Беру деньги, сажусь на извозчика, — пошел! Прихватишь, бывало, на дороге в кабаке ведро водки, отъедешь по Воронежскому тракту версты две-три, — стой! Распрягай, извозчик… Сейчас костер, песни… Идут мужики, прохожие: «Эй, друзья, сюда, подходи, пей!..» То есть, боже мой, что тут натворишь только!..
Вышли деньги, вхожу.
— Что?
— Гадал… Ответ завтра; нужно еще красную.
— Возьми…
Выхожу за ворота: «Извозчик!..»
Продолжаю так, елико возможно… Вижу, барыне самой туго пришло. Принимаюсь одежду закладывать, — нашила она мне её- страсть… Барыню же, между прочим, жалею, но не хожу к ней… Случилось, напился я. Входит горничная:
— Господин певчий дома?
Я развернулся да ка-ак двину ее… Тем и кончилось.»

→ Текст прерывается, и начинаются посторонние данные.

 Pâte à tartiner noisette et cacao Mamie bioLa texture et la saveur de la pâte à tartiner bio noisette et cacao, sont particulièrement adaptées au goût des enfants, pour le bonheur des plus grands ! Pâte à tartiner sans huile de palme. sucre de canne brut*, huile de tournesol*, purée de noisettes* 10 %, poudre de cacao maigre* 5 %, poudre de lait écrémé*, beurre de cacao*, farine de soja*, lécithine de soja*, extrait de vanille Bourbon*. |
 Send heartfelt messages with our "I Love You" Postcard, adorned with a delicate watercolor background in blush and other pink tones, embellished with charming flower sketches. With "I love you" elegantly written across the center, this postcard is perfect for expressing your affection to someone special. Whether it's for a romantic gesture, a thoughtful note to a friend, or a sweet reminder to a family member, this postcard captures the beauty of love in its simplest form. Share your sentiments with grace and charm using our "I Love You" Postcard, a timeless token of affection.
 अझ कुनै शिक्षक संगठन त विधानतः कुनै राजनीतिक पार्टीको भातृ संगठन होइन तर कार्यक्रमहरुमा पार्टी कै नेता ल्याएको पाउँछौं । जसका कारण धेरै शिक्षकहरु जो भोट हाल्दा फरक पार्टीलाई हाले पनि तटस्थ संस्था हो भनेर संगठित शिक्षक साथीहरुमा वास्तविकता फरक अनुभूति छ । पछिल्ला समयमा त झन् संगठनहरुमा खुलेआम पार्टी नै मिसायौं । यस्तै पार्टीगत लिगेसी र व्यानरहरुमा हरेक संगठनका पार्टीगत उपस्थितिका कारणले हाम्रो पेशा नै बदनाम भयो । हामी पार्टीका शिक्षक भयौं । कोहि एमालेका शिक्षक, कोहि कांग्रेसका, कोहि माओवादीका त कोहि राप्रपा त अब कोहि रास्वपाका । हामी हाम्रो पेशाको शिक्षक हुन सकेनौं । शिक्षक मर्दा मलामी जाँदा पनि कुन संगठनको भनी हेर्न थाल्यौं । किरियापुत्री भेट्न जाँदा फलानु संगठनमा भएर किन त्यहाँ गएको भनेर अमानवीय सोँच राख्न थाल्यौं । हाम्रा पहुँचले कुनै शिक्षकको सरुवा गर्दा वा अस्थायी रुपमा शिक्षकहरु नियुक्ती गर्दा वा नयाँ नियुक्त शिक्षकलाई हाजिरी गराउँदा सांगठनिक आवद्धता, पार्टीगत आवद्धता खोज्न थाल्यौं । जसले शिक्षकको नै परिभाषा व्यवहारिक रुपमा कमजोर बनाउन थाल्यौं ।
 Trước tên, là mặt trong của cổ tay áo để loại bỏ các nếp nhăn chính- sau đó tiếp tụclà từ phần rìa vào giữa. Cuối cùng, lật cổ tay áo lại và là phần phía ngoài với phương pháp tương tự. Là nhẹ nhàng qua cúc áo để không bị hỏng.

Как ни продолжительна была эта оргия, но Никитичу пришлось все-таки возвратиться в дом свой и очнуться… Чем больше отрезвлялся он, тем все в большем количестве выступали следы его безобразий, — в квартире не было ни одного целого стекла, рамы состояли из обрезочков, склеенных бумагой или просто заткнутых подушкой, тряпкой; жена еле двигалась, от множества вывихов и переломов, перевязанных разными тряпками, она охала и заливалась слезами, рассказывая, как он, Никитич, будучи не в своем виде, сгребал ни с того, ни с сего целую кучу посуды и грохал ее обземь; как перетаскал в кабак все платье, и даже ризу с венчального образа содрал, как огорошил ее, несчастную жену, по голове, тогда как она только и сказала-то всего, что: «Запирай дверь!» — и т. д. Не возражал Никитич, потому что был трезв, потому что был виноват. Горько ему было теперь вдвойне.

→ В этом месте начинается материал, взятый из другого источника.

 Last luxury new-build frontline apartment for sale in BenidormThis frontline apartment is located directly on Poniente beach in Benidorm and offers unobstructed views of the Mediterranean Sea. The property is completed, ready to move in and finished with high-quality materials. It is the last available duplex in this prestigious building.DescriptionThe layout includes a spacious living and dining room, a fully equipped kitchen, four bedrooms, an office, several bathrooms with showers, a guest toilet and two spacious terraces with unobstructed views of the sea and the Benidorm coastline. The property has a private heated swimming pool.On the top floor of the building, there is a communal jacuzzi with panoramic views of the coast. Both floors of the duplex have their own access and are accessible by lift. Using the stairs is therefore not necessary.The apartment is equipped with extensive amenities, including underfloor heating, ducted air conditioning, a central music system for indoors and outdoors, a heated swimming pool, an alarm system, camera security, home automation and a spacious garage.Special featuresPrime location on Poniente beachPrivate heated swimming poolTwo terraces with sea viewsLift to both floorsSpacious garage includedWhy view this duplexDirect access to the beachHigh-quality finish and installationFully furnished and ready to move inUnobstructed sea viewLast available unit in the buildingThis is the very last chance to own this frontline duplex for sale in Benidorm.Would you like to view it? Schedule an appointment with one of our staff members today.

А мирная, гнилая жизнь шла себе потихоньку, и там, где в пьяном виде Никитич находил возможным только раскроить ту или другую рожу, отшлифованную множеством грошовых добродетелей, там теперь в трезвом виде что-то стыдило его. Тайна все-таки была не разгадана, потому что ее могла разгадать только деревня; искаженные под разными наносными влияниями городские нравы не давали пищи его здоровой, еще не затронутой природе. Так называемая среда, как видно, стояла перед ним с закрытым ртом и не думала заедать его: он, не умея жить по-ихнему, проклял себя, старался подладиться, понять что-нибудь — и, не понимая, чахнул; при всем самом упорном ломании своей головы насчет способа к своему спасению, он теперь и выдумать-то не мог ничего, кроме следующего:
— Просто надо прошение подать владыке, в дьякона. Докуда так-то мыкаться?.. По крайней мере будут знать тогда, что я такое… Живут же люди?
Начинались хлопоты. Ради будущего счастия, которое на этот раз, как и во время женитьбы, казалось несомненным, Никитич на коленях умолял владыку…
— Помедли, — говорили ему, — повремени, потерпи. Медлил, временил и, наконец, осмелился заикнуться:
— Докуда ж это?..
— Но не скоро, — ответили ему.
Никитич уходил и пьянствовал с горя: счастию мешают. Дело ясное. Наконец давали ему это счастие, и через две-три недели Никитич снова убеждался, что дрянь дело, что новое положение все-таки не дало ему жизни. Он не сознавал этого отчетливо, но томился пустотой и считал единственным исходом из этого мертвого царства — водку.
Снова срывался, снова падал и снова решал:
— А вот что, — безо всяких разговоров: надо подать владыке прошение на приход, в село… Это дело-то попрочней будет… По крайней мере сам хозяин, — и т. д.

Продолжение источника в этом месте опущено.